I’ve been writing about the divergence between the fundamentals of our businesses that we are invested in versus the stock prices due to a recent market panic.  To dive deeper into this I wanted to touch on General Motors common stock.  This is a position we have done well in over the years through the sales of puts, purchase of stock, and sales of covered calls.  Currently, the stock trades at about $30 per share, after dropping below that price recently.  Just today the company raised its earnings forecast for 2016 by 25 cents per share, to adjusted earnings per share of $5.25-$5.75.  On the high side that puts the stock right around 5.2 times forward earnings, which is absurdly cheap.  In addition to this, the company raised its stock buyback from $5 billion to $9 billion.  The company is able to do this because it is in the best financial condition in decades.  This is not the same GM that existed prior to the Financial Crisis.  Costs are far lower as is the breakeven level at which the company will be profitable.  I do believe North American auto sales likely peaked in 2015 but Europe and South America have major room for improvement, and 2016 should be a pretty strong year overall.

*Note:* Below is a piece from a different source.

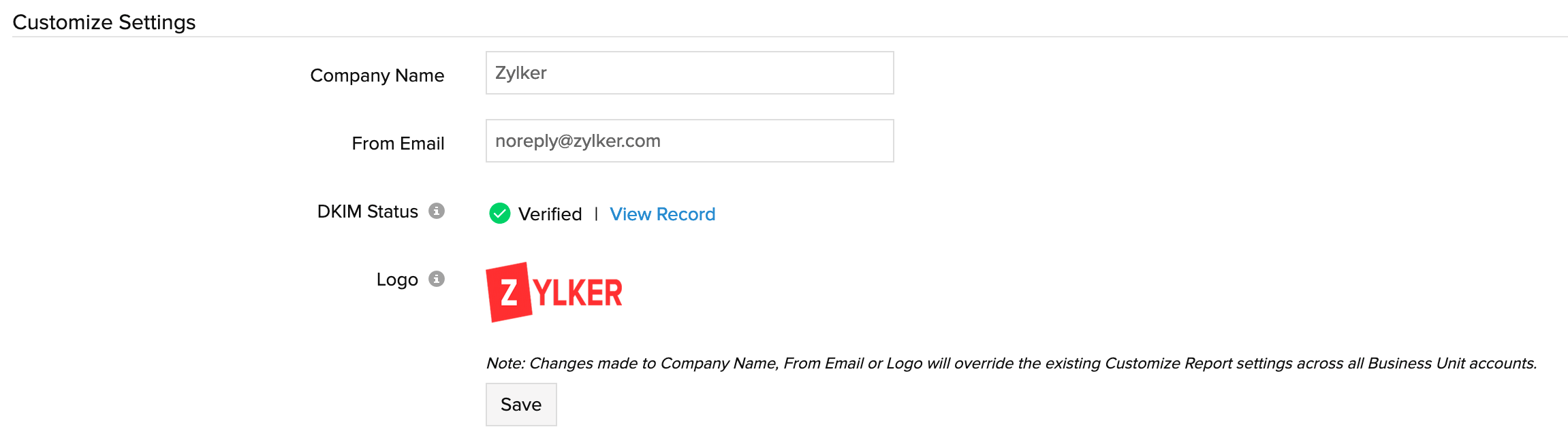 Changes made to the Company Name, From Email, or Logo will override the existing report settings across all business unit accounts.

Stock buybacks at current prices are the best use of capital, as it increases our per-share ownership of the company.  GM also raised its quarterly dividend to 38 cents from 36 cents.  That means the current dividend yield is just above 5%!  Now through selling puts that have either expired or that we have exited profitably we have generated income.   On the puts we’ve still held and are likely to be exercised on, we are getting in at prices that we deem to be highly attractive and now we have all the upside or downside that comes with the stock, including the big dividend. On our long stock and the stock that we will be owning due to being exercised on sold put options, we will have the opportunity to sell calls.  This allows us to set the price at which we are willing to sell the stock and for doing that we can collect additional income.  On a cheap 5% yielding stock, it is not hard to see double digit per annum upside potential in what is still a fairly pricey market.

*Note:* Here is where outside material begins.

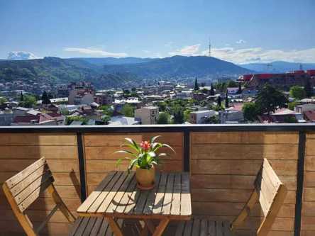 თელავის ქუჩა N 45 (სასტუმრო შერატონ მეტეხი-პალასთან) პირველი სადარბაზო, სართული 4. ფართი-45 კვ.მ. სტუდიოს ტიპის მისაღები; საძინებელი 1; სველი წერტილი1; აივნიდან იშლება მთაწმინდისა და ნარიყალას ხედები;

At T&T Capital Management, we are not invested in just the market.  We are invested in individual securities and we take concentrated positions ranked by our highest conviction opportunities.  This is no different than the way that Warren Buffett  managed his investment partnership when he generated his most explosive returns of his career.  It does lead to more volatility from time to time but that goes both ways and is not something that should be unexpected.  We don’t need an incredible stock market to do well.  We just need our companies to perform the way they should.  With our current positions, barring an immensely severe recession, we should do very well over the next 3-5 years. While the overall market needs strong earnings growth or multiple expansion, both of which are unlikely to occur in the short-term. We just need the world not to blow up.  Banks below tangible book value, leading auto manufacturers at 5 times earnings, it is rare you get stocks that are so cheap.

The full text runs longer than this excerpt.